■ **ASSIGNMENT**: Reproduce every line below exactly as written; do not include the images.

■ **RECORDED INFORMATION**:
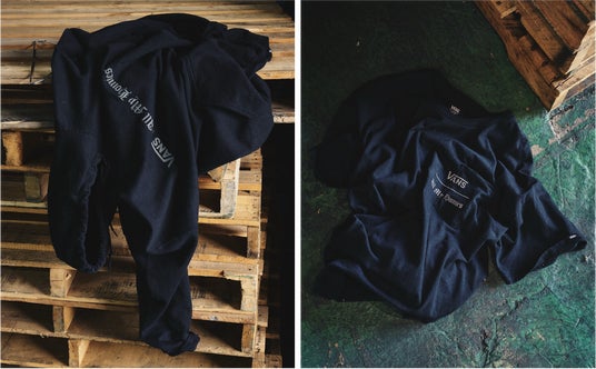 VansとAll My Homiesのコラボレーションロゴをリフレクター素材でプリントした、ブラックボディのフーディーとTシャツの2型も展開されます。
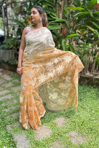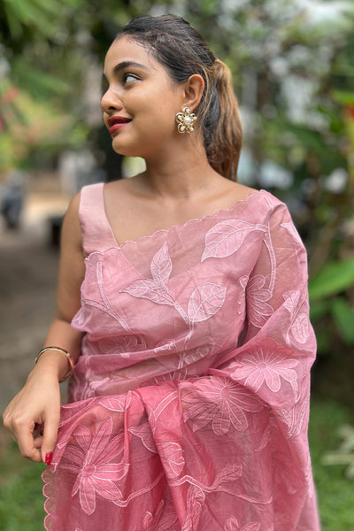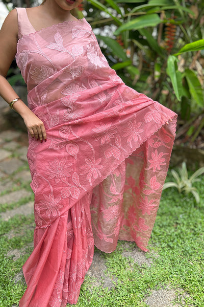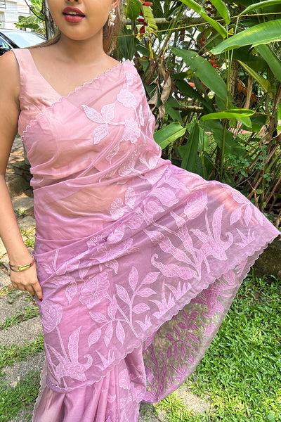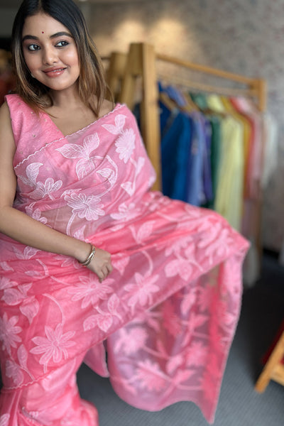 The organza saree comes as dual shade ombré effect with floral appliqué. It pairs with chanderi blouse material.
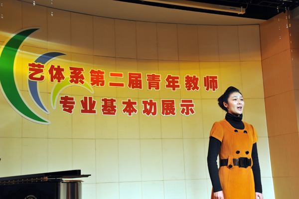 继去年成功举办首届青年教师专业基本功展示活动后,艺体系再接再厉,于 12月15日 隆重举行第二届青年教师专业基本功展示活动,并在去年的基础上有所创新,而且加大了展示的难度,使莅临的领导和老师们感到耳目一新,掌声和学生的喝彩声接连不断。

■ **WRITTEN ANSWER**:
 VansとAll My Homiesのコラボレーションロゴをリフレクター素材でプリントした、ブラックボディのフーディーとTシャツの2型も展開されます。
 The organza saree comes as dual shade ombré effect with floral appliqué. It pairs with chanderi blouse material.
 继去年成功举办首届青年教师专业基本功展示活动后,艺体系再接再厉,于 12月15日 隆重举行第二届青年教师专业基本功展示活动,并在去年的基础上有所创新,而且加大了展示的难度,使莅临的领导和老师们感到耳目一新,掌声和学生的喝彩声接连不断。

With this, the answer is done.